His book's uniqueness, he maintains, lies in the fact it is written, not by a journalist relying on the reports and opinions of others, but by one who watched Jobs in action. To drive home the point, his designation is prominently printed under his name on the book's cover
The book says
Jobs believed the best hiring results came when one was picky, choosing employees as carefully as one would a girlfriend or boyfriend, a husband or a wife.
It reveals a lot, for instance, about Jobs's passion for selecting the right people. Best hiring results, according to Jobs, come when one is picky, choosing employees as carefully as one does a girlfriend or a boyfriend, a husband or a wife. You need to light each others' fires. Jobs, Elliot tells us, participated in hiring more than 5,000 people.
And how did Jobs interview candidates? He was never interested in resumes. He never trusted professional recruiters. Instead he looked at the kind of talent the person being interviewed could bring to the company. His interviews were more of conversations. The value he attached to people is best summed by a quote Elliot reproduces: "When you're in a start-up stage, the first 10 people (you hire) will determine whether the company succeeds or not."
To foster innovation, Jobs preferred a pirate-like organisation to a bureaucratic one. This, says Elliot, was critical to Macintosh's initial success in the 1980s. We also learn how good Jobs was at saying no. Even when it had become a $30-billion organisation Apple had just 30 products. Jobs agreed to develop those 30 after saying no to hundreds of others.

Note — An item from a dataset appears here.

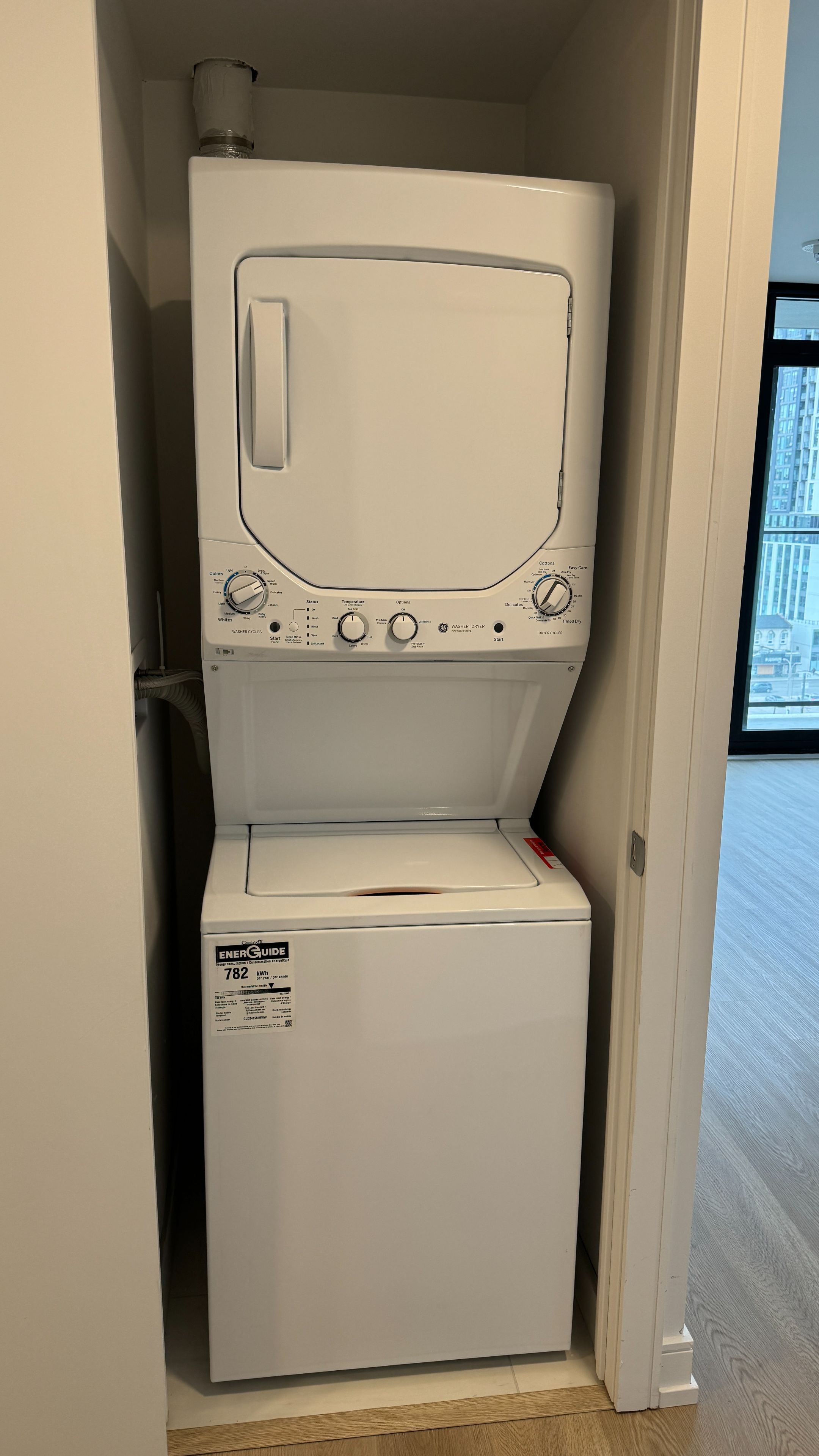 • Modern kitchen with stainless steel appliances and in-suite laundry.
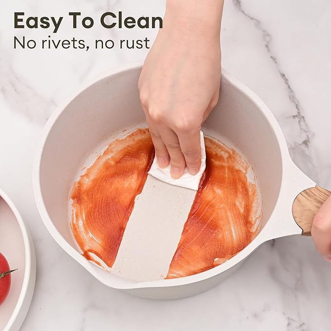- [Easy To Clean] : With the non-stick coating, this milk pot can help you solve sticky or difficult-to-clean problems. Only using a soft sponge or dishcloth, you can clear dish stain easily. (Please do not use sharp or pointy brush, which would do harm to the non-stick layer.)

We also get insider knowledge on Jobs's use of language. In his vocabulary, "bozo" was a person who was not doing things as fast as he wanted. "That's s---" meant he was not happy with the user interface of a product the engineer had shown him. The comment every employee of Apple loved to hear was "insanely great". It was his highest praise.
The book does not follow chronology. So reading from cover to cover may not be a good idea. There are repetitions galore. It is better to read the chapters in a random manner.